И столько горечи было в его голосе, что Татьяна враз поняла: всё плохо. Всё как-то очень, очень плохо, если даже Макс не может подобрать других слов. Её зазнобило, зубы мелко дрогнули — и она крепко сжала челюсти, пытаясь прогнать страх.

— Тань, ты, главное, держись. Я что-нибудь придумаю.

Она отстранилась, пряча глаза — еще полдня назад не стала бы обременять его своими проблемами и принимать помощь от почти бывшего мужа. А теперь вот — примет.

Татьяна неловко спросила:

— Как ты узнал?

— Мне позвонили… Я уже к аэропорту… Да неважно! Не могу же я поехать на отдых, когда с тобой — такое!

Благодарность захлестнула ее обжигающей, солоноватой волной, в носу защипало. А Макс продолжал:

— Главное, я успел переговорить со следователем. Дело дрянь, Танюш. Статья очень серьезная, и мальчишку у тебя нашли — а это подтверждает показания Марины. Но ты не думай, я не брошу тебя, я найду хорошего адвоката. Мы постараемся уменьшить срок, и я буду ждать тебя…

— Макс, ты что? — она испуганно сглотнула. — Меня же должны отпустить, просто обязаны, ведь есть куча свидетелей против Фирзиной! Янка и Витька с Тамарой — они были у меня, когда она привезла мальчика. И мы с тобой в опеку ходили, оформляли документы на усыновление. Зачем мне красть ребенка, если я хотела взять его на законных основаниях? Да это бред, Макс — всё, что написала Фирзина, чистый бред! Неужели это непонятно?

— А следователь считает, что всё не так. Потому что есть факты: жалоба матери, изъятый у тебя ребенок. Для обвинения достаточно, — развел руками Макс. — Но, Тань, мы будем бороться. Я не дам посадить тебя на двенадцать лет.
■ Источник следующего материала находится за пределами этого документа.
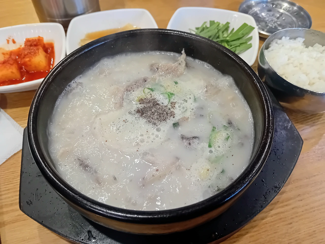 피부과 옆에 있는 삼삼뼈국은 두 번이나 갔다. 얼큰한 것보다 하얀 국물이 더 맛있다.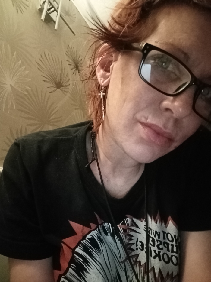 close-up of a person's face and upper torso. They have reddish-brown hair, which is partly covering their face. The person is wearing glasses and a black t-shirt with a graphic design on the front. They are wearing a silver cross earring in their left ear. The background appears to be a wall with a patterned wallpaper of a leafy design. The person is looking directly at the camera, with a neutral expression. The image was taken indoors, and the lighting is soft. The coordinates provided (52.675, -1.17) locate the image in Leicester, United Kingdom, specifically in the city centre.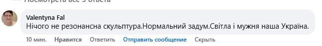 …мистецтво має право на різні форми, а сам скульптор — «бачить світ так, як бачить... От нехай автор у себе дома поставить і бачить так як він бачить. Але своє бачення не виносить на загал. Немає ніякої скульптурної та художньої цінності в його баченні. Ніхто ж не проти увіковічнення нашої боротьби з ворогом, але це творіння…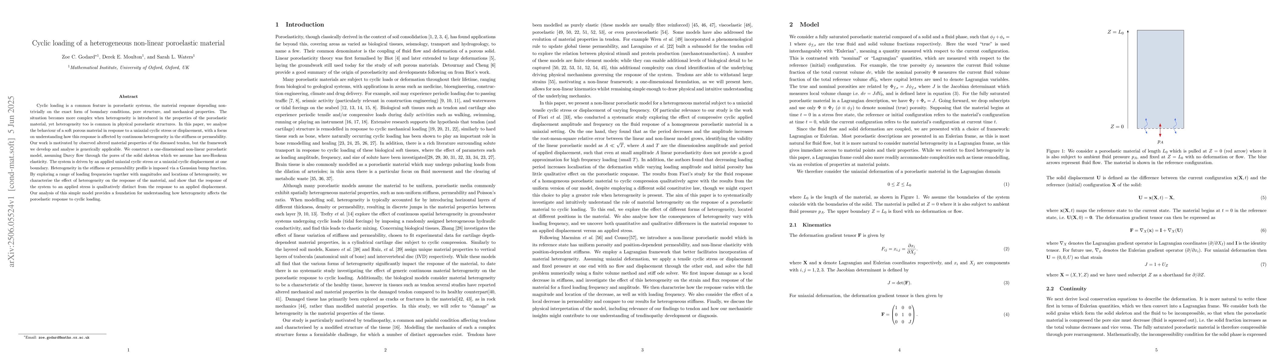 Cyclic loading is a common feature in poroelastic systems, the material response depending non-trivially on the exact form of boundary conditions, pore structure, and mechanical properties. The situation becomes more complex when heterogeneity is introduced in the properties of the poroelastic material, yet heterogeneity too is common in physical poroelastic structures. In this paper, we analyse the behaviour of a soft porous material in response to a uniaxial cyclic stress or displacement, with a focus on understanding how this response is affected by continuous heterogeneity in the stiffness or permeability. Our work is motivated by observed altered material properties of the diseased tendon, but the framework we develop and analyse is generically applicable. We construct a one-dimensional non-linear poroelastic model, assuming Darcy flow through the pores of the solid skeleton which we assume has neo-Hookean elasticity. The system is driven by an applied uniaxial cyclic stress or a uniaxial cyclic displacement at one boundary. Heterogeneity in the stiffness or permeability profile is imposed via a Gaussian bump function. By exploring a range of loading frequencies together with magnitudes and locations of heterogeneity, we characterise the effect of heterogeneity on the response of the material, and show that the response of the system to an applied stress is qualitatively distinct from the response to an applied displacement. Our analysis of this simple model provides a foundation for understanding how heterogeneity affects the poroelastic response to cyclic loading.

— Сколько?… — охнула Таня. Стены камеры качнулись, свет мигнул и начал затухать, затягиваясь тёмной дымкой, но Макс тряхнул ее за плечи, сильно дунул в лицо — и Татьяна смогла удержаться на ногах.
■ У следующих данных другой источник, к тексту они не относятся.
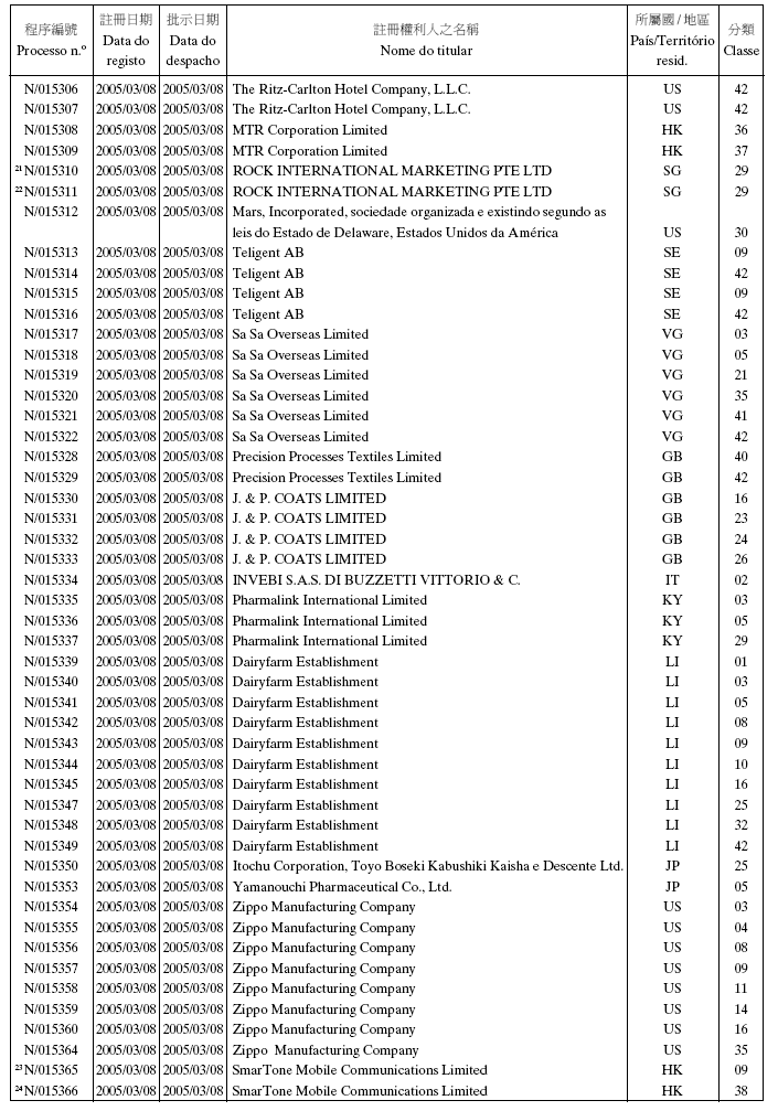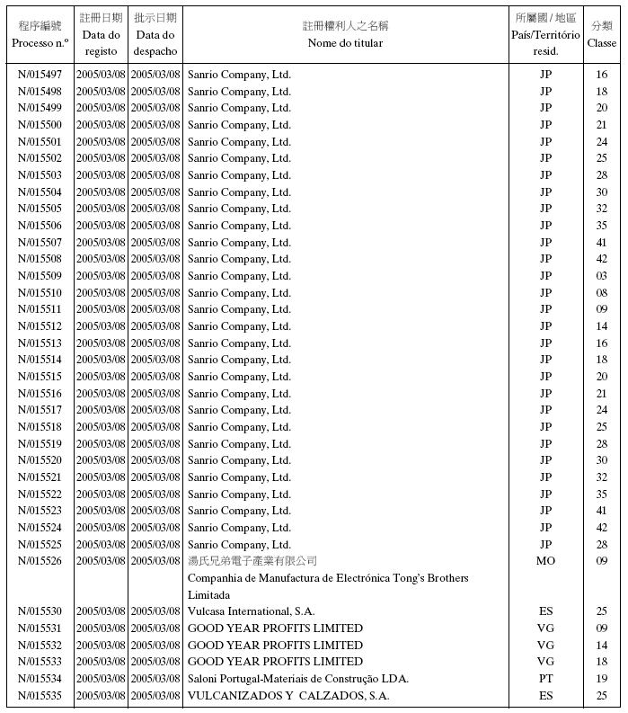商標編號:N/16068 類別: 35

— Садись, — муж подвел ее к стулу и помог опуститься на него. Она дышала часто, урывками, почти всхлипывая. Под левой лопаткой заныло, будто под нее вогнали холодную, острую сосульку.

Макс сел напротив, сказал:

— Послушай, что мы сделаем. Я прямо с утра займусь этим, землю буду носом рыть, съезжу в Москву, но найду тебе самого лучшего адвоката! Только Тань, это недешево, а денег у нас почти нет — продажи слабые, да и на закуп лекарств я очень много потратил. А тот покупатель, который аптеками заинтересовался, готов сделку провести…

— Так проводи! — Татьяна едва не плакала. Двенадцать лет! Из-за дурости Фирзиной, из-за поклёпа — вся жизнь под откос! Как же так? За что???

— Тань, я же не могу! — опешил Макс. — Как я их продам, у меня нет генеральной доверенности. Ты сама не хотела, чтобы я…

— Макс, но это же было раньше! Давай я подпишу всё, что нужно, только вытащи меня! — взмолилась она.

— Ну, вот, я принёс документы, — Макс потянул к себе прозрачную папку, которая лежала на столе. Таня уставилась на неё сквозь слёзы. В душе шевельнулось нехорошее — будто что-то не сходилось, было неправильным. Но она отмахнулась от этого чувства, потому что всё вокруг сейчас было таким: неправильным, неестественным, карикатурным…

Максим вытянул из папки отпечатанные листы, протянул Тане. Она вытерла глаза, вгляделась, пытаясь сосредоточиться. Но буквы разбегались, прыгали перед глазами — потому что руки мелко противно тряслись, а слёзы всё набегали, как их не прогоняй. «Даже если он где-то хитрит, и в чем-то обманет меня — плевать! — подумала она. — Свобода дороже любых денег. А разбираться с этой доверенностью… у меня просто нет на это сил!»

— Давай подпишу, — сказала она в отчаянии.

И быстро поставила росчерк в пустой строке.

____________________

*ИВС — изолятор временного содержания.